Retype only the lines below from the one with "Amstel's techni... |" to the one with "กลุ่มทรู ร่วมกับมูลนิธิออทิสติกไทย และมูลนิธิถันยรักษ์", inclusive, skipping every image.

#### Available records

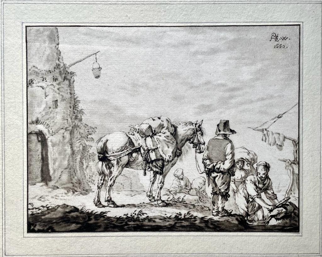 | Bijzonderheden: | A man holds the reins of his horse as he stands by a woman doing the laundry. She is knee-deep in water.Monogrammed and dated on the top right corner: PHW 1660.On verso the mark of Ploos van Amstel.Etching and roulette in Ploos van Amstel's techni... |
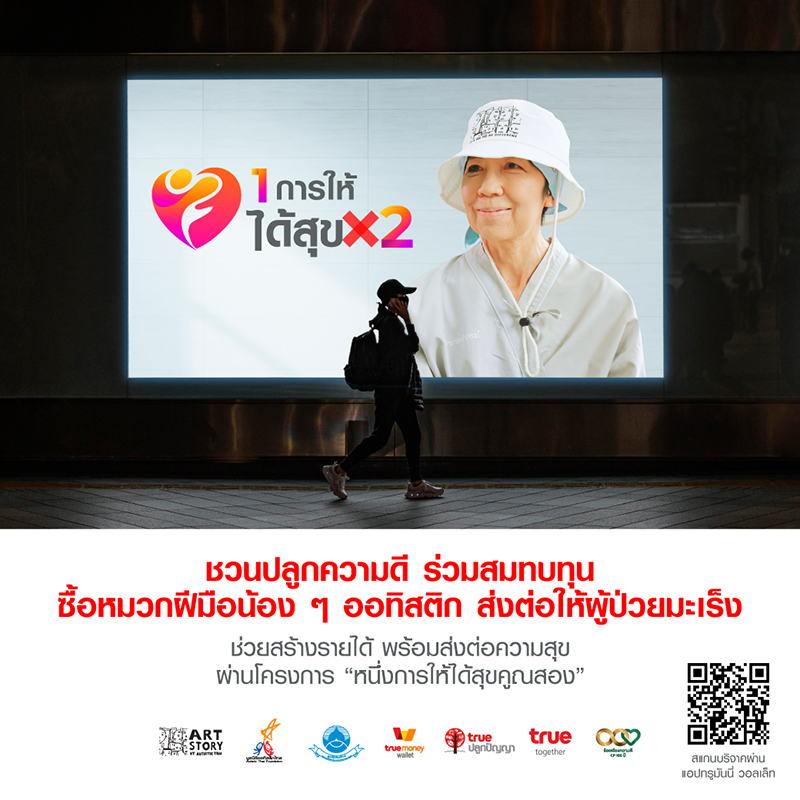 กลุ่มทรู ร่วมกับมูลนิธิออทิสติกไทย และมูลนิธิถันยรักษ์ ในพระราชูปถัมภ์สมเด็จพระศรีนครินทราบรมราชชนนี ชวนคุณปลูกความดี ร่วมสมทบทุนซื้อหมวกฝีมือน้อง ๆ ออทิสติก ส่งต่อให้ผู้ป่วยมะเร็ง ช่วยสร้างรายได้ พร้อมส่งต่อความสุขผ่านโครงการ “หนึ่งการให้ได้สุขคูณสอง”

########
#### Available records

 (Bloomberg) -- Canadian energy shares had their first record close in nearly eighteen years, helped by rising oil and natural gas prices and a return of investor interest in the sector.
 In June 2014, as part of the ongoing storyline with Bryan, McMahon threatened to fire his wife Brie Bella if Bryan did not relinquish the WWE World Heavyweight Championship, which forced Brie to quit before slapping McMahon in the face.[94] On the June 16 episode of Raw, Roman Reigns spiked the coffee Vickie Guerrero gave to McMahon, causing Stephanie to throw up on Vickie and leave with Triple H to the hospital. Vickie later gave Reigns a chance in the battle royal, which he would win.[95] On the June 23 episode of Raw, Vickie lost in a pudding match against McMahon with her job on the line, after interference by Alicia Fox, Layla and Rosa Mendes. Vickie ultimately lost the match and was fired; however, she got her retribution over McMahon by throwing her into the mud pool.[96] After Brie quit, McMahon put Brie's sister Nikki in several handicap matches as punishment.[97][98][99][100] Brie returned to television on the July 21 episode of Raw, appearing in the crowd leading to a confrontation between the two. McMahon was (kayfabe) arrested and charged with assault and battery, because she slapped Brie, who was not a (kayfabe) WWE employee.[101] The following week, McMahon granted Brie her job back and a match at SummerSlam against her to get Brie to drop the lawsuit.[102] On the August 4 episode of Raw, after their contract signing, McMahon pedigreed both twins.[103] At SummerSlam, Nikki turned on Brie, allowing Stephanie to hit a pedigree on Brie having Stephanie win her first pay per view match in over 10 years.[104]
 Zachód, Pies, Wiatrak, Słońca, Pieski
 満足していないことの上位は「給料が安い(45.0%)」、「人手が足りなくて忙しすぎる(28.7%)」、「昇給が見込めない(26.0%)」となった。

########
#### Available records

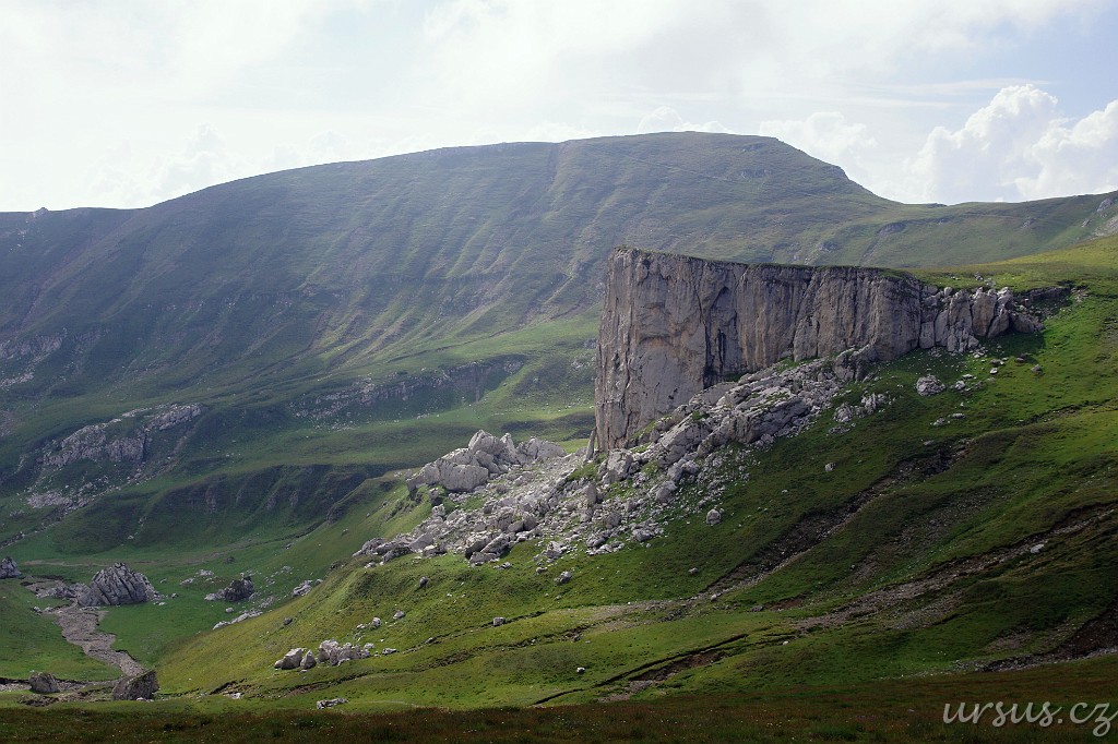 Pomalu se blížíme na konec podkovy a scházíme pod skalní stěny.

########

▶ **Answer to this task**
 | Bijzonderheden: | A man holds the reins of his horse as he stands by a woman doing the laundry. She is knee-deep in water.Monogrammed and dated on the top right corner: PHW 1660.On verso the mark of Ploos van Amstel.Etching and roulette in Ploos van Amstel's techni... |
 กลุ่มทรู ร่วมกับมูลนิธิออทิสติกไทย และมูลนิธิถันยรักษ์ ในพระราชูปถัมภ์สมเด็จพระศรีนครินทราบรมราชชนนี ชวนคุณปลูกความดี ร่วมสมทบทุนซื้อหมวกฝีมือน้อง ๆ ออทิสติก ส่งต่อให้ผู้ป่วยมะเร็ง ช่วยสร้างรายได้ พร้อมส่งต่อความสุขผ่านโครงการ “หนึ่งการให้ได้สุขคูณสอง”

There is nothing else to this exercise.